I understand it makes sense to compare this service to google fiber, but no city has both so there is no competition between them. $160 is too much for internet service in my opinion, sure it's fast, but until I own a 4K TV that needs it, it's not that big a deal.

tonylukac said:

Just install that free wifi already and forget burying all those cables.

soldier1969 soldier1969 said:

I get 110mbs down 15 up with comcast for $112 a month and I'm fine with it. Much more than the average household gets.

spydercanopus spydercanopus said:

I am sitting in a studio apartment waiting on Google contractors to install the cable in my unit. Any day now... my precious.

wiyosaya said:

I understand it makes sense to compare this service to google fiber, but no city has both so there is no competition between them. $160 is too much for internet service in my opinion, sure it's fast, but until I own a 4K TV that needs it, it's not that big a deal.

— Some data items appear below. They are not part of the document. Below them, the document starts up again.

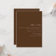 Este elegante cartão de convite para casamento branco e castanho apresenta um roteiro moderno e texto limpo para um design simples e marrom na moda que você vai adorar. Adicione texto personalizado para fornecer qualquer informação adicional necessária para seus convidados. Sinta-se à vontade para me enviar mensagens com qualquer pergunta relacionada a design - terei todo o prazer em ajudar!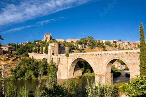 View of the San Martin Bridge crossing the Tagus to enter the old city of Toledo on the hill where you see the Old Cathedral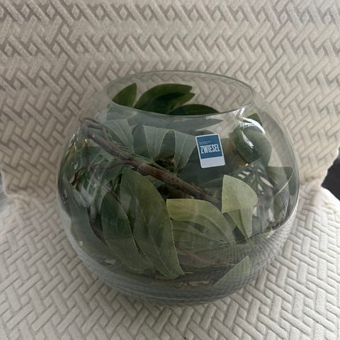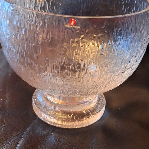 Klar glassbolle med dekorativt mønster i glasset. Mønsteret viser havliv.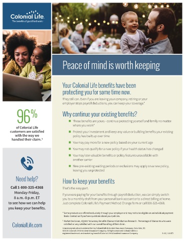 to see how we can help Just complete Colonial Life’s Payment Method Change form or call 800-325-4368.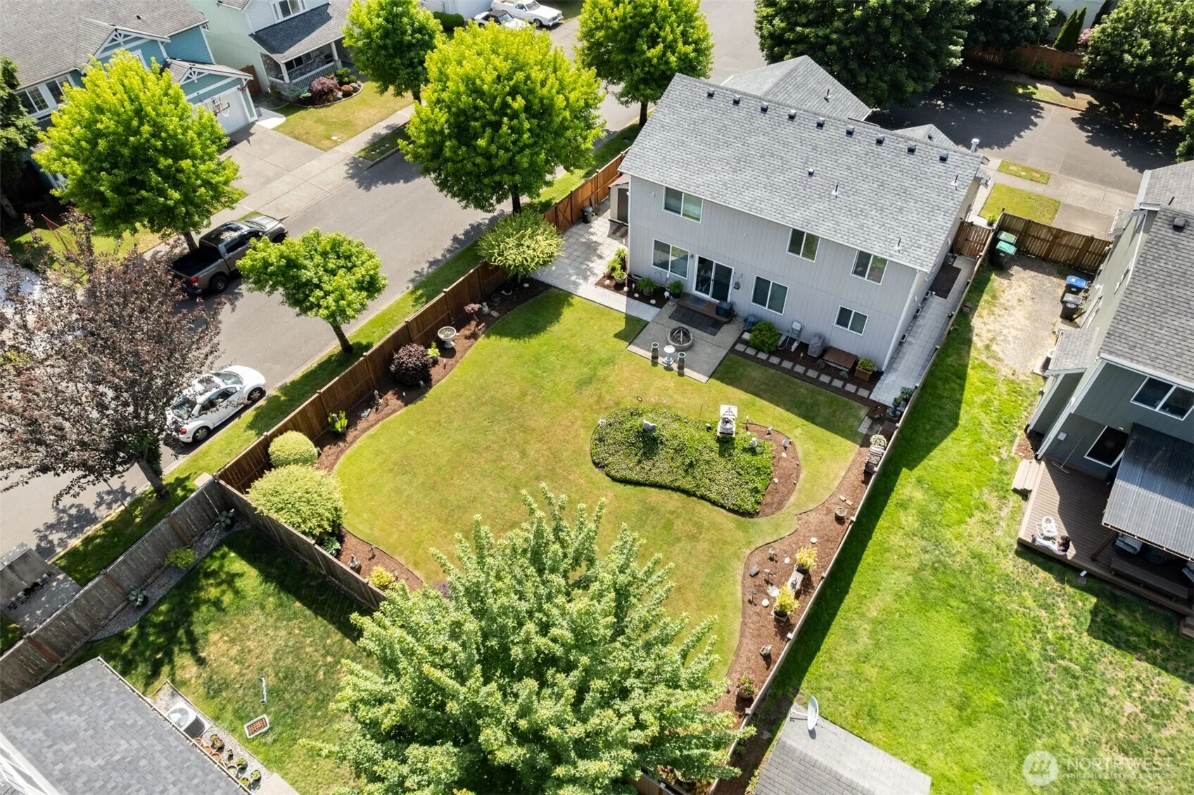 Welcome to this one-owner home, situated on a premium corner lot. Pride of ownership, well maintained and exterior personal touches. This is no ordinary backyard, it has been manicured and crafted with intention. Inside, discover three bedrooms plus a versatile flex room or fourth bedroom, two living areas on the main level, a loft and French doors spilling into your primary ensuite. Gas fireplace, skylights, ceiling fans & wired for a generator for year round comfort. Amenities include a new roof, new hot water tank, sprinkler system, pavers & an outbuilding for added convenience. Located just minutes from Black Lake, shopping, eateries, and the freeway. Trail access to nearby high school track and fields, and tennis courts.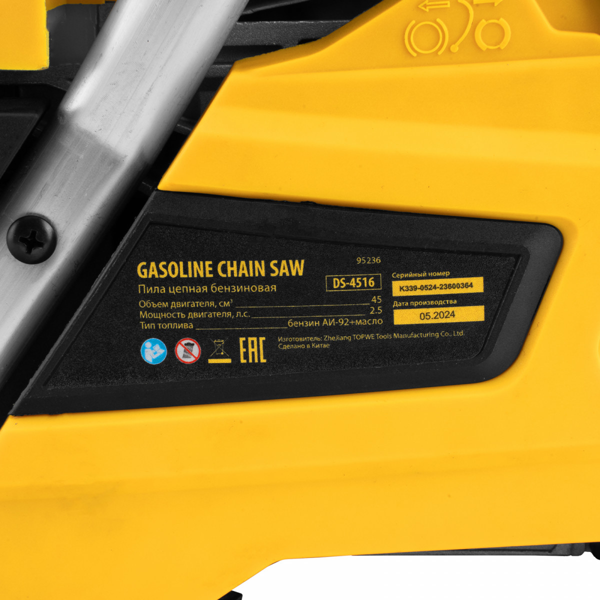 Пила цепная бензиновая Denzel DS-4516 95236 мощностью 2,5 л.с. оснащена двигателем объемом 45 см3 и поставляется с высокопроизводительной пильной гарнитурой: шиной длиной 40 см, цепью с 64 звеньями шагом 0,325" и пазом 1,5 мм. Используется для заготовки дров, распиловки древесины, при проведении ремонтных, строительных и садовых работ. Мощный и экономичный двухтактный двигатель позволяет эффективно и быстро решать поставленные задачи.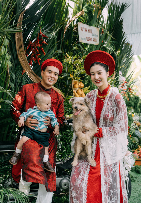 Không gian ngày trọng đại được bài trí theo phong cách truyền thống, cô dâu và chú rể diện áo dài đỏ đồng điệu. Trong ngày vui, Hồ Quang Hiếu khoe loạt ảnh bên bà xã và thông báo ngắn gọn: “Đón nàng về dinh”. Trong khi đó, Tuệ Như cũng hạnh phúc chia sẻ: “Em đã pha trà, cũng đã cắm hoa, chỉ chờ người qua, là tròn chữ nhà”.

I agree. $160 /mo for internet service is far too much especially when Japan is rolling out 2Gb service for $50 / Mo.

What I would love to see is the US Govt. everywhere rolling out the free wi-fi service that they talked about recently.

Guest said:

Only $79 if bundled with other services? if you have gigbit internet, what other services would you possibly need? phone and tv can both entirely be replaced with internet.